Second Place, bir yazarın L olarak bilinen Delphian bir sanatçıya olan saplantısını konu alıyor ve yazar onu İngiliz kıyılarındaki bataklıklarda bulunan konuk evinde (isimdeki second place) kalmaya davet ediyor. L, genç ve açık sözlü Brett adında bir kadın arkadaşını da yanına alarak geldiğinde anlatıcı çözülmeye başlıyor. Mabel Dodge Luhan’ın 1932 tarihli anı kitabı Lorenzo in Taos’tan gevşek bir şekilde uyarlanmış olsa da, üslup tamamen Cusk’a ait: titiz nesir ve soğuk tonlu gözlemler, söylem, kimlik ve sanat yapma arasındaki düğümlü ilişki hakkında sadeleştirilmiş bir psikodrama ile sonuçlanıyor.

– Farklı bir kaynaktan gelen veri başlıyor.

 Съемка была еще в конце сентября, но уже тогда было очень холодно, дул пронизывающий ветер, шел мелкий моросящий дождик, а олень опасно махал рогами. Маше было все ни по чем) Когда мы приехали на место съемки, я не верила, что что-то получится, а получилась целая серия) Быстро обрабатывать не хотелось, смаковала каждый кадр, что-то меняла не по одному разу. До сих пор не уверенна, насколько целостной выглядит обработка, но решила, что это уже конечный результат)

Parlaklık Raven Leilani tarafından
Luster, yetişkinlik, çıkmaz sokaktaki kurumsal işindeki ırkçılık ve Eric adında beyaz bir adamla yeni bir ilişki yaşayan 23 yaşındaki siyah bir kadın olan Edie etrafında dönüyor. Eric ile tanıştığında, Edie istemeden onun yarı açık evliliğinin ve evlat edindiği siyah kızı Akila ile olan ilişkisinin karmaşık dinamiklerine karışır. Bu arada, bir ressam olarak hırsları da belirginleşir. Ustaca işlenmiş ve mizahi, keskin bir üslupla yazılmış olan Luster, siyah bir kadının zevk ve aidiyet hakkına yönelik bir çağrı ve Amerikan kapitalizminin tehlikeli dünyasında yaratıcı olmanın ne anlama geldiğine dair yakıcı bir suçlamadır.

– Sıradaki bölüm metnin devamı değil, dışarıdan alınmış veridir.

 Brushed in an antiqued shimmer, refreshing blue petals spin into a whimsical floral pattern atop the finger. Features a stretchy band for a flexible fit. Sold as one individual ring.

Sanat tarihçisi Ashby’nin bu şefkat dolu ilk romanı, en iyi arkadaşı Grace’in ölümü de dahil olmak üzere büyük ve küçük travmaları bastıran genç bir garson olan Eve’in etrafında dönüyor. Eve, bir grup öğrenciye çıplak poz vererek hayat modelliği yapmaya karar verdiğinde, kaygıları ve istekleri netleşiyor. Eve hem keskin bir şekilde gözlemliyor hem de keskin bir şekilde gözlemci; roman onunla vakit geçiriyor, bir kadının umutsuzca kendilik özlemini, kendine hakim olmayı ve nihayetinde dayanıklılığını titizlikle izliyor.
San Francisco’daki bir partide tanışan iki Koreli Amerikalı kadın – fotoğrafçı Jin ve ara vermiş yaralı balerin Lidjia – eşit miktarda acı ve zevk üzerine kurulu anında bir bağ kurar. Hipnotik bir şekilde stilize edilen Exhibit, hikayede nesiller boyu süren bir lanet olarak sanat ve hırs, sapkınlık ve queerlik temalarını işler. Kwon, bir kadının en çok arzuladığı şeyi elde ettiğinde neler olduğunu çözerken, bu karakterler arasındaki her etkileşimi, her ikinci tahmini ve yüzeysel bakışı duyusal detaylar kaplar.
Kunzru’nun üç renkli üçlemesinin üçüncü bölümü, bir zamanlar gelecek vaat eden bir performans sanatçısı olan orta yaşlı bir market dağıtımcısı olan Jay’in hikayesini anlatıyor. Şimdi, belgesiz ve uzun süreli bir Kovid’den muzdarip olan Jay, zar zor geçiniyor. Ta ki sanat okulu günlerinden bir kadın olan ve işleri daha da karmaşık hale getiren eski bir sevgilisi olan Alice’le karşılaşana kadar. Alice, Jay’e sanat dünyasından iki kişiyle birlikte karantinada kaldığı mülkte kalacak bir yer teklif ediyor: kocası, bir ressam; ve bir galeri sahibi. Hem meditatif hem de kesin olan bu eser, sanatçının bir geçici işçi olarak portresi ve hem bir tüketim ürünü hem de hayatta kalma aracı olarak sanata acımasız bir bakış.